(Work required) From the entries below, copy every line holding the word "Noir".

[Stored data]
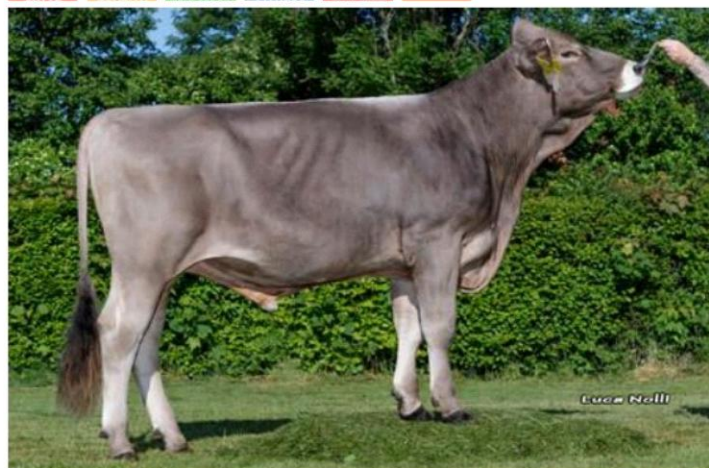
VALLEJO Pp Dati aggiornati al 04/04/2023
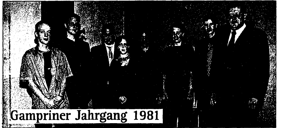
Gampriner Jahrgang 1981
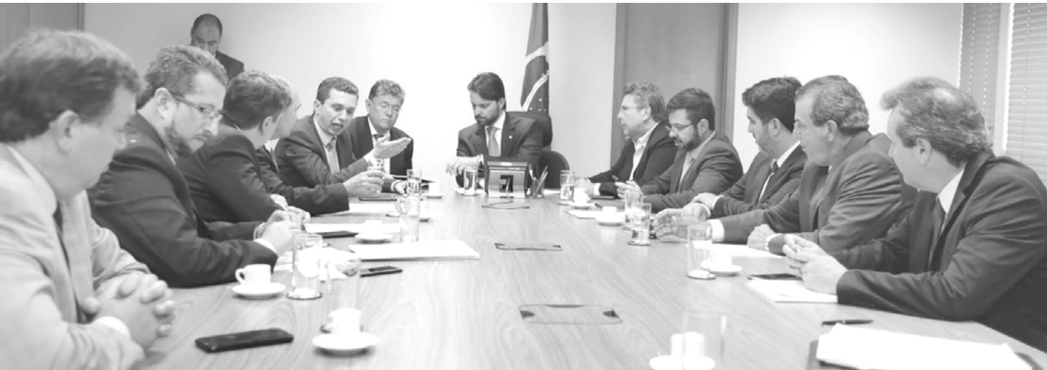
Encontro reuniu prefeitos de cidades da região

bitação a saneamento básico. Os gestores também solicitaram acelerar projetos de financiamentos nestas áreas, com os quais já tramitam entre o Ministério e a Caixa Econômica Federal. "A missão do nosso mandato é aproximar os gestores, oferecer um ponto de apoio. O Ministério das Cidades é estratégico pois tramita todas as demandas em infraestrutura, asfalto, casa popular e programas sociais importantes. O ministro, mais uma vez, foi muito coerente sobre a viabilidade de cada demanda", comentou o parlamentar.
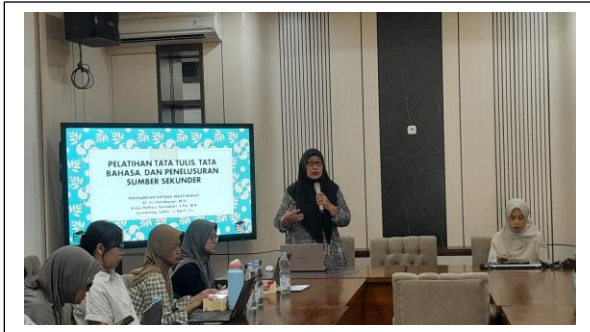
Gambar 1. Pidato Pembukaan oleh Koordinator

kegiatan pengabdian kepada masyarakat menjelaskan, bahwa alasan ini yang mendorong tim pengabdian kepada masyarakat untuk melaksanakan kegiatan pengabdian ini.
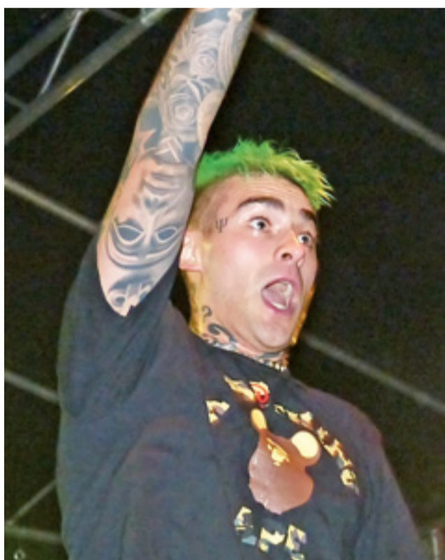
Quebonafide podczas koncertu w Łowiczu zachęcał młodzież do wspólnej zabawy. Robił to skutecznie.
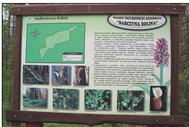
Fot. 7. Tablica informacyjna w sąsiedztwie rezerwatu „Babczyna Dolina” Фот. 7. Информационный щит в окрестностях резервата „Бабчина долина” Photo 7. Information board in the vicinity of the "Babczyna Dolina" reserve

czenie dla edukacji ekologicznej poprzez zaprezentowanie najważniejszych procesów i zjawisk zachodzących w ekosystemach leśnych oraz możliwość zapoznania się z walorami przyrodniczymi rezerwatu „Babczyna Dolina” (fot. 7).
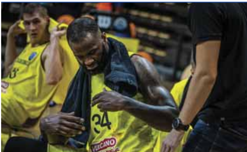
Falco-kispad: halasztás halasztás hátán

A szombathelyiek múlt héten szombaton vasi klasszikust játszottak volna Kőrmenden, a Rába-partiak azonban jelezték, hogy egy játékosuk pozitív tesztet produkált, így karanténba került az egész csapat. A Falco nem tétlenkedett, rögtön egyeztetett a ZTE-vel és az MKOSZ képviselőivel is, és abban egyeztek meg, hogy
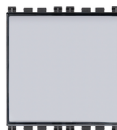
19050 - Poussoir porte-étiq.1P NO 10A gris
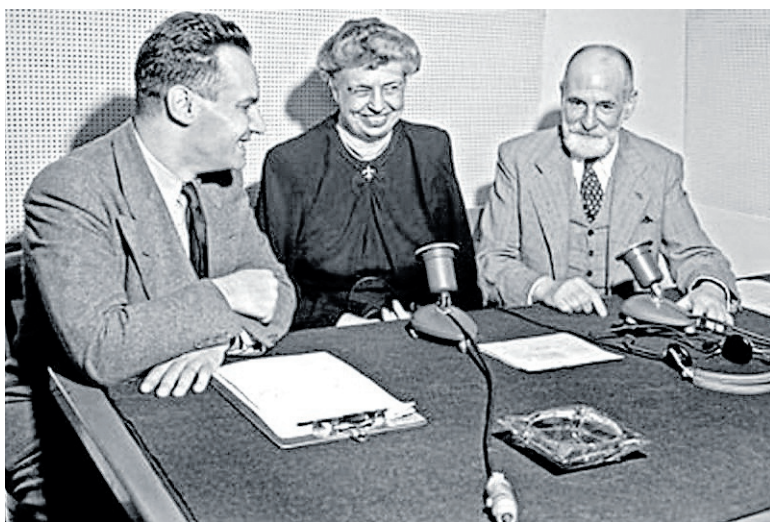
Eleanor Rooseveltek zuzentzen zuen Batzordeko kidea izan zen.

1908an zuzenbideko lizentzia lortzen du, baita historiakoa ere. Parisen
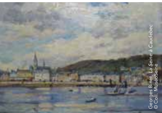
Georges Binet, La Seine à Caudebec
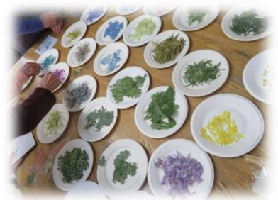
押し花で素敵なしおりを作りました
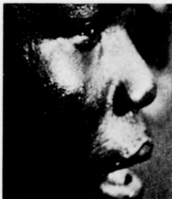
Un film de Jean Rouch, "Moi, un Noir", sera à l'affiche de la série "D'hier à demain", dimanche soir à 11 h. 30.

11.30—D'hier à demain "Moi, un Noir". Les espoirs et les difficultés d'une partie de jeunes Africains. Film de Jean Rouch.
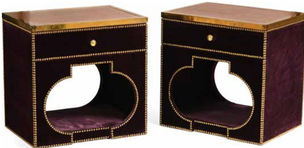
282 Paire de bouts de canapé formant niche recouverts de velours violet clouté, souligné de laiton, ouvrant par un tiroir et un guichet cintré. Jacques GARCIA. H. 66 cm. L. 65 cm. P. 48 cm
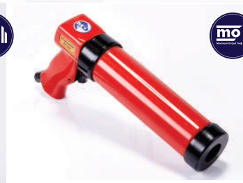
รหัสสินค้า FMPT203
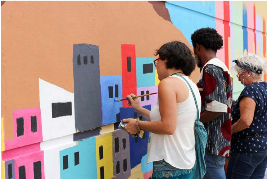
Figura 4. Realización de mural comunitario en La Plaza en el contexto del Encuentro Amoraditas 2018.
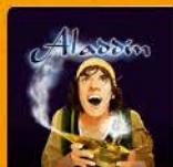
HORIZONT THEATER Aladdin Schulveranstaltung

03.04. & 04.04. DO & FR | Stadthalle Ybbs
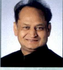
श्री अशोक गहलोत मुख्यमंत्री, राजस्थान
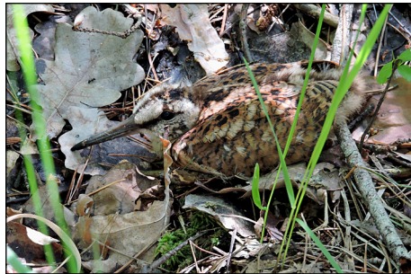
Фото 2. Пташеня вальдшнепа. Сирницьке лісництво. 17.05.2018 р.

Photo 2. A fledgling of the Eurasian Woodcock.
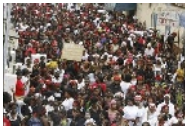
Marxa de dones per la pau. Abidjan
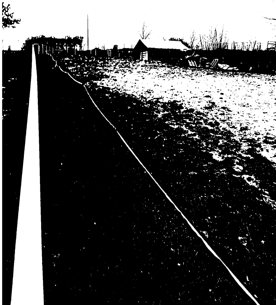
č. 16 – spodní výběh – velbloudi
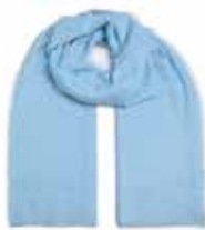
Swimming Pool 2421
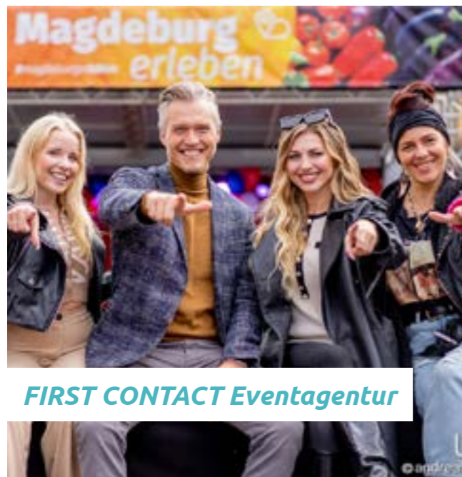
FIRST CONTACT Eventagentur

Unser Ziel ist es, dass Ihre Veranstaltung auch kulinarisch ein köstlicher Erfolg wird und Ihren Gästen noch lange in Erinnerung bleibt! Die Qualität unserer Speisen zeichnet sich eine feine Auswahl regionaler und saisonaler Produkte aus.
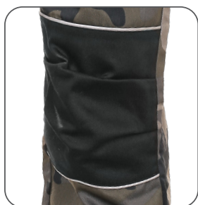
zesílená kolena reinforced knees kolana wzmocnione
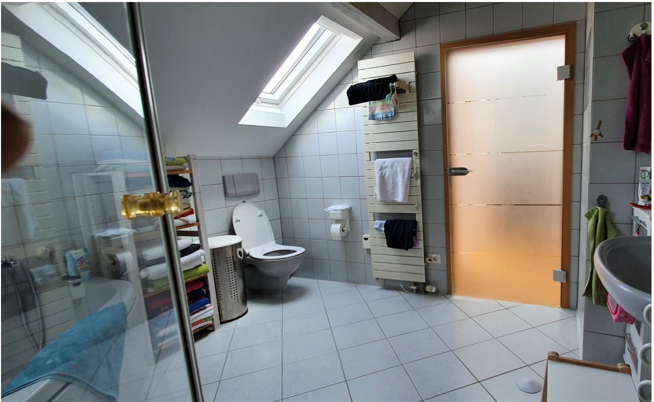
Großes Bad in 2. Ebene

(Output)
Un film de Jean Rouch, "Moi, un Noir", sera à l'affiche de la série "D'hier à demain", dimanche soir à 11 h. 30.
11.30—D'hier à demain "Moi, un Noir". Les espoirs et les difficultés d'une partie de jeunes Africains. Film de Jean Rouch.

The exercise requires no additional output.